Output exactly, and only, the lines below from the one with "Mua tại TiktokESM19014" down to the one with "Lance Lauze, the". Include both end lines and no pictures.

# DATA LISTING
[Start of section]

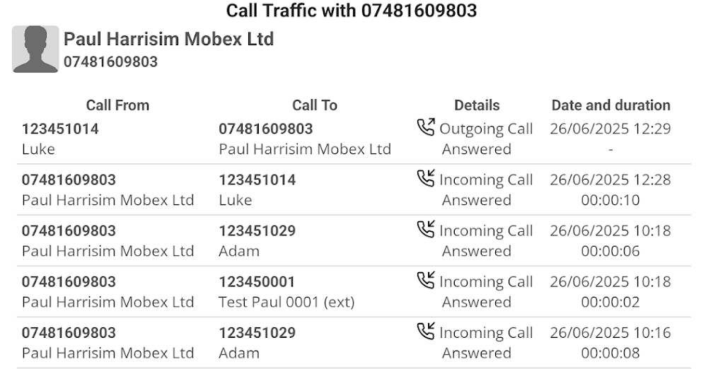 | This will then display a comprehensive list of information about the number and its previous contacts within the company. |
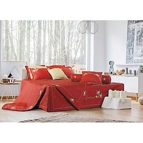 Mua tại TiktokESM19014 thuộc bộ sưu tập 2019 Chất liệu: Modal Xuất xứ : Việt Nam Lấy ý tưởng từ những cành hoa đào nở rộ vào mùa xuân, được thêu trên nền vải đỏ truyền thống, ,mùa xuân, mùa của sự đoàn viên vì vậy bộ chăn ga này sẽ giúp cho phòng ngủ của bạn cảm giác ấm cùng và gần gũi .
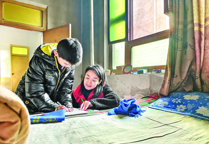 临猗县志愿者辅导困境儿童写作业。(资料图片)
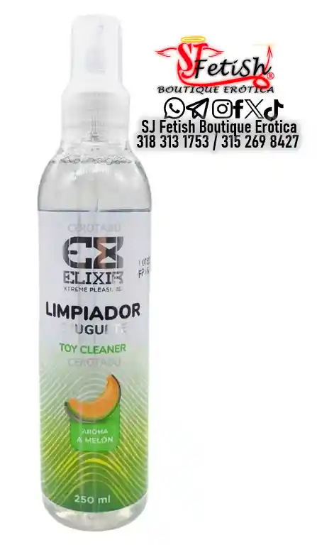 ¡Cuida y prolonga la vida de tus juguetes íntimos con nuestro limpiador de juguetes Elixir con aroma a Melón! diseñado para cuidar y preservar la silicona y otros materiales con que están fabricados tus juguetes íntimos, asegurando que te acompañen por mucho más tiempo. Creado con un pH balanceado y libre de parabenos, garantiza una limpieza suave y eficaz, reduciendo al mínimo la irritabilidad. Disfruta su delicioso aroma a melón que deja en tus juguetes, ¡una experiencia que no querrás perder! La magia está en los detalles. Dale a tus juguetes el cuidado que merecen. Disponible en sj fetish boutique erotica, boutique erótica, boutique erotica armenia, sex shop, sex shop armenia, tienda erotica, tienda erotica armenia, sexshop, sexshop armenia, tienda para adultos, tienda para adultos en armenia, tienda para adultos armenia
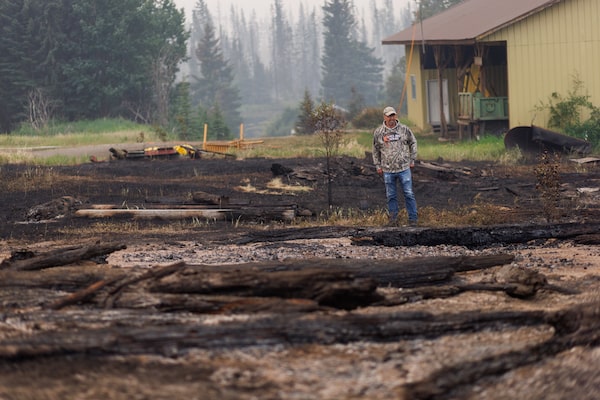 Lance Lauze, the owner of the Tatuk Lake Lodge outside Vanderhoof, B.C., leaves his shed with a sprinkler system set up to protect it from a wildfire burning nearby. Lauze says if it weren’t for the sprinkler system and the firefighters who set it up (and then got trapped by the blaze and helped battle spot fires) the whole property likely would have burned.Jesse Winter/The Globe and Mail
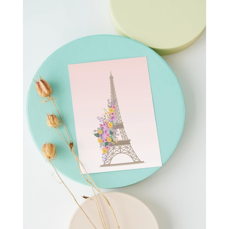 Stonehouse Collection | Floral Eiffel Tower Note Card | Paris Note Cards | Art Deco Style | 10 Pack
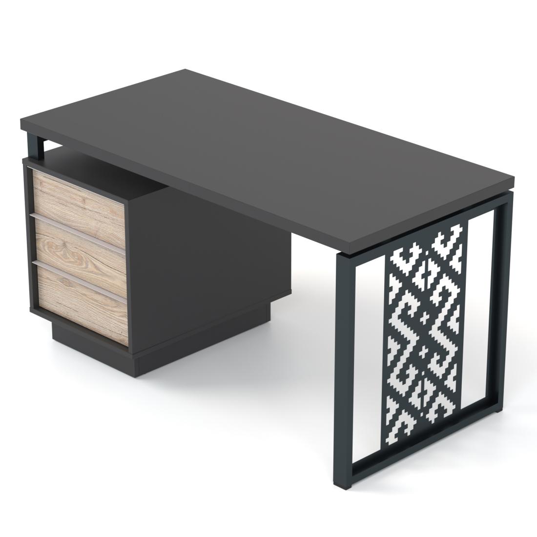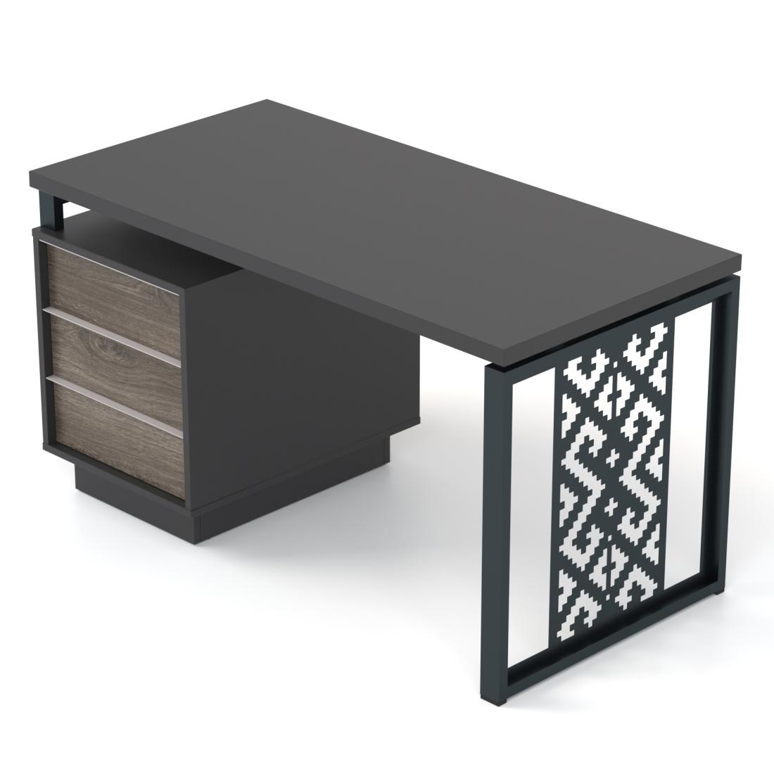"Промо Етно" від Salita™ — це нова концепція офісних столів на базі нашої серії "Промо". Столи даної серії мають унікальні опори з елементами українського орнаменту. Дані столи нададуть в дизайн вашого кабінету винятковий стиль та оригінальність. Міцний металевий каркас столів гармонійно поєднується з дерев'яною стільницею теплих тонів.

[End of section]

# YOUR RESPONSE
 Mua tại TiktokESM19014 thuộc bộ sưu tập 2019 Chất liệu: Modal Xuất xứ : Việt Nam Lấy ý tưởng từ những cành hoa đào nở rộ vào mùa xuân, được thêu trên nền vải đỏ truyền thống, ,mùa xuân, mùa của sự đoàn viên vì vậy bộ chăn ga này sẽ giúp cho phòng ngủ của bạn cảm giác ấm cùng và gần gũi .
 临猗县志愿者辅导困境儿童写作业。(资料图片)
 ¡Cuida y prolonga la vida de tus juguetes íntimos con nuestro limpiador de juguetes Elixir con aroma a Melón! diseñado para cuidar y preservar la silicona y otros materiales con que están fabricados tus juguetes íntimos, asegurando que te acompañen por mucho más tiempo. Creado con un pH balanceado y libre de parabenos, garantiza una limpieza suave y eficaz, reduciendo al mínimo la irritabilidad. Disfruta su delicioso aroma a melón que deja en tus juguetes, ¡una experiencia que no querrás perder! La magia está en los detalles. Dale a tus juguetes el cuidado que merecen. Disponible en sj fetish boutique erotica, boutique erótica, boutique erotica armenia, sex shop, sex shop armenia, tienda erotica, tienda erotica armenia, sexshop, sexshop armenia, tienda para adultos, tienda para adultos en armenia, tienda para adultos armenia
 Lance Lauze, the owner of the Tatuk Lake Lodge outside Vanderhoof, B.C., leaves his shed with a sprinkler system set up to protect it from a wildfire burning nearby. Lauze says if it weren’t for the sprinkler system and the firefighters who set it up (and then got trapped by the blaze and helped battle spot fires) the whole property likely would have burned.Jesse Winter/The Globe and Mail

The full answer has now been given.